ILLINOIS (WCIA) — Students’ proficiency in English and math is on the rise but still not quite above pre pandemic levels. That’s based on the Illinois State Board of Education’s annual report card giving a snapshot of how schools and districts across the state are performing in certain educational areas.

“We certainly could always want to see a greater growth than what you saw this year, but this was significant growth, specifically in English language arts,” Dr. Tony Sanders, the State Superintendent of Education, said in a call with reporters about the report card.

The report card outlines an increase of English proficiency by 16% since last year. Four percent more students were proficient in math as well.

Dr. Tony Sanders, the State Superintendent of Education, said these numbers indicate a strong recovering after the COVID-19 pandemic uprooted many students’ education.
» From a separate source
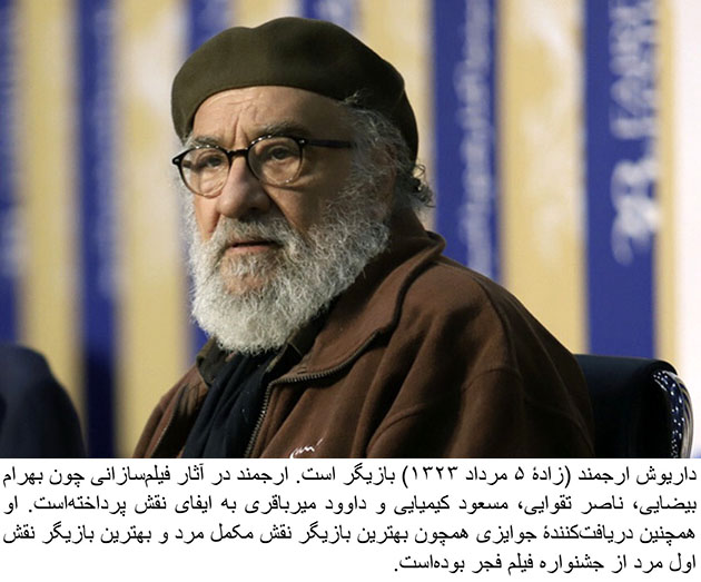 Dariush Arjmand (born 27 July 1944 in Mashhad, ) is an actor. A son of a military father and a housewife mother, he was born in Mashhad and grew up in Mashhad. He started performing in plays at the age of 12. At the age of 26, he started working for the Ministry of Art and Culture. In the meantime, is a Crystal-Simorgh winning actor.After many years of performing in theatre, he started his film acting career by appearing in Captain Khorshid (1986, Nasser Taghvaee), which was awarded the Crystal Simorgh for the best leading role at the Fajr International Film Festival.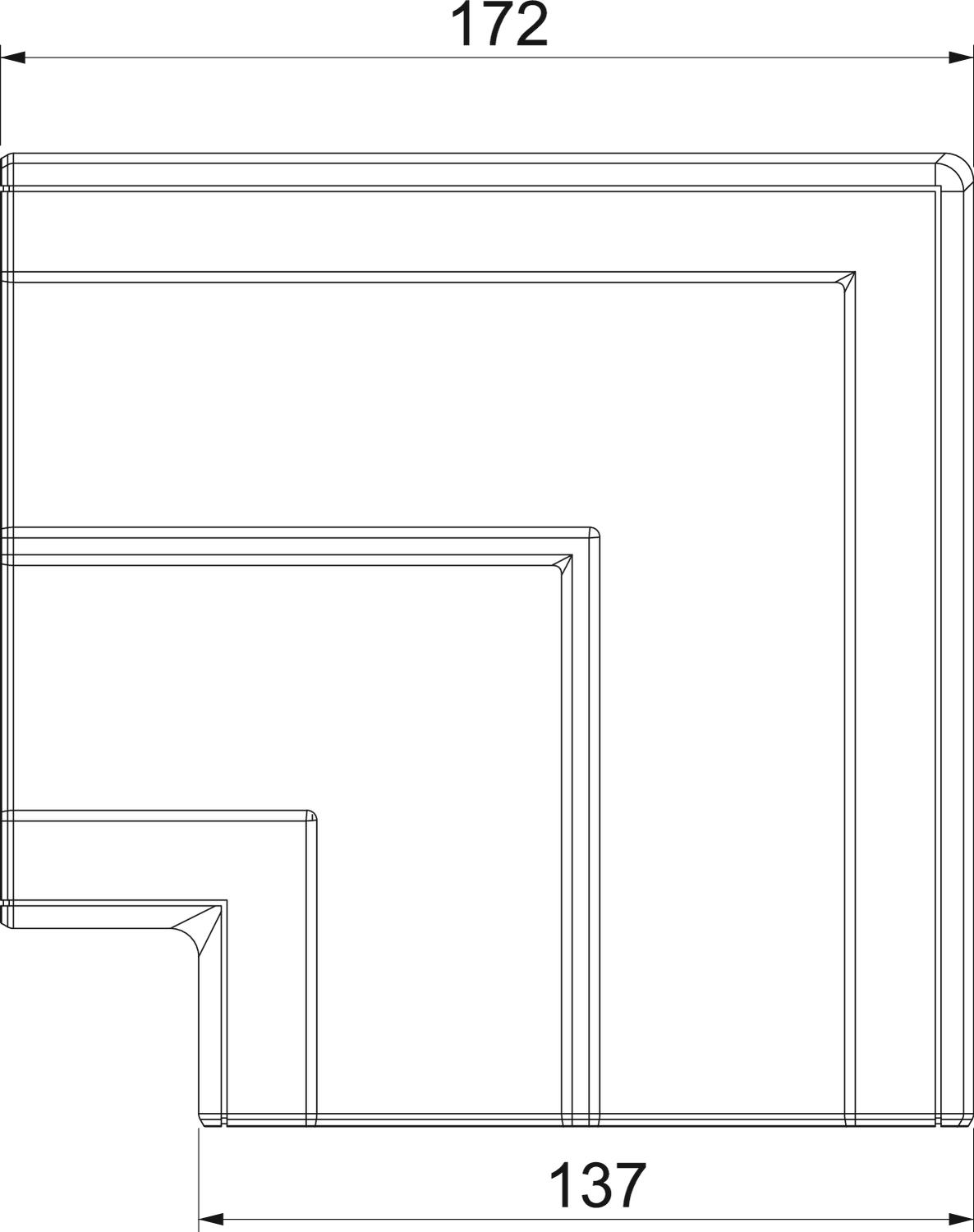 Aizsardzības pakāpes IK kods IK08 Aizsardzības veids IP40 Aizsargplēve nē Antibakteriāla apstrāde nē Augšējo daļu montāžas veids vispārējs Augstums 55,5 mm CO2 pēdas nospiedums (GWP) no šūpuļa līdz vārtiem 0,8437 kg CO2e / 1 Gabals Garums 172 mm Grīdā izveidotas atveres montāžas vajadzībām nē Izmantošanas temperatūras diapazons maks. 60 °C Izmantošanas temperatūras diapazons min. -15 °C Izmērs 172x172x56 Izpildījums Apvalka detaļa Kabeļu skava nē Kanāla savienotājs nē Krāsa dzidri balts; RAL 9010 Leņķa diapazons maks. 90 mm Leņķa diapazons min. 90 mm Materiāls Polikarbonāts/Acrylnitril-Butadien-Styrol Nesatur halogēnus jā paredzēts kanāla augstumam 53 mm paredzēts kanāla platumam 130 mm Platums 137 mm simetrisks jā Vāku skaits 1 Virziena maiņa vertikāli augšupvērsts/lejupvērsts - Visi tipi

“Although we still have quite a distance to travel, educators and families should be proud of the remarkable progress we see on the 2023 Illinois report card,” Sanders said.

State officials noted Black students in particular made significant learning gains. Sanders attributes the change to the Evidence Based Funding formula, a 2017 law that gives more money to underfunded schools each year.

“We live for years under a system of funding that was really one of the most inequitable in the country,” Sanders said. “And now we have one, that for the last several years has directed resources to the districts and the students who need it the most.”

Data in the report shows that the high school graduation rate is more than 87%, a 13 year high.

The report also found more of the state’s ninth graders are on track to graduate. Jennifer Gill, the Springfield School District 186 Superintendent, says the district has created a pilot program to make sure more students get their diplomas.

“Oftentimes students’ attendance was the number one determination that why they weren’t on track,” Gill said. “Others, they had social emotional learning needs and things that we needed to support them in looking at them as a whole student, not just a test score.”

The retention of teachers across the state is at 90.2% percent, the highest it’s ever been.

There are still some major problems from the pandemic still remaining for schools. Chronic absenteeism still remains high, well after schools have returned to the classroom. 30% of students in Illinois missed more than 17 days of school last year.

The days students have to miss school to be considered chronically absent include sick days. COVID-19 quarantine rules still apply, so if a student tests positive for the virus, they are asked to stay home for five days which adds to that total.

State officials are trying to find ways that lower that number for the next report card.

“To continue to address absenteeism we have to establish, reestablish strong relationships with parents and families,” Sanders said. “We have to make the case for the value of school and the value of attendance every day.”

To find the report of a specific school in Illinois, you can visit the state board of education’s website.